Prix et où l’acheter
Nutravision est vendu exclusivement sur le site de Biovancia, autour de 69 € la boîte (affiché barré à 99 €), avec des tarifs dégressifs sur les formats multi-boîtes. C’est un positionnement premium pour une formule dont on ne connaît pas les dosages : on paie en partie l’extrait breveté Maquibright et la marque. Biovancia met en avant une garantie satisfait ou remboursé, qui limite le risque financier, mais l’achat se fait à l’aveugle côté concentrations.
Avis des utilisateurs
Les retours que nous avons recoupés sont partagés. Côté positif, plusieurs utilisateurs évoquent des yeux moins secs et une fatigue visuelle réduite après quelques semaines, surtout les gros utilisateurs d’écrans. Côté mitigé, on retrouve les critiques classiques de la catégorie : des personnes ne constatant aucun changement, et un prix jugé élevé pour un complément vision. L’absence de tableau nutritionnel public alimente aussi une partie des réserves : difficile de comparer objectivement avec un concurrent qui, lui, affiche ses dosages.
Précautions et effets secondaires
Aux usages habituels, ces actifs sont bien tolérés. Le zinc à dose élevée et prolongée peut perturber l’absorption du cuivre : évitez de cumuler plusieurs compléments riches en zinc. La lutéine et la zéaxanthine ont un excellent profil de sécurité. Par prudence, le produit est déconseillé aux femmes enceintes ou allaitantes sans avis médical. Surtout, un complément ne traite aucune pathologie oculaire : en cas de baisse de vision, de douleur ou de symptôme persistant, consultez un ophtalmologiste plutôt que de compter sur une cure.
Questions fréquentes
Nutravision améliore-t-il vraiment la vue ?

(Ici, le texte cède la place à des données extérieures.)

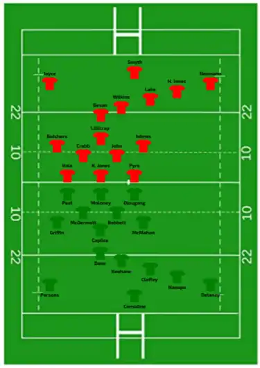 - ↑ Duffy, Emma (9 February 2020). "Five-try Ireland get the better of Wales and Storm Ciara to go two from two in Six Nations". The 42. Retrieved 9 May 2021.

Quels sont les dosages des actifs de Nutravision ?
En combien de temps Nutravision fait-il effet ?
Combien coûte Nutravision et où l’acheter ?
Y a-t-il des contre-indications ?
Nutravision — notre conclusion
Nutravision coche les bonnes cases sur le papier : lutéine, zéaxanthine, zinc et Maquibright sont des choix logiques pour le confort visuel et la protection de la rétine. Mais Biovancia ne publie aucun dosage, ce qui rend impossible de vérifier que la formule atteint les seuils utiles, alors qu’on la paie 69 € la boîte. C’est un complément correct pour le confort des yeux secs et la fatigue d’écran, à condition de tenir la cure plusieurs mois et de ne rien en attendre de spectaculaire. À ce prix, exiger la transparence des dosages serait légitime.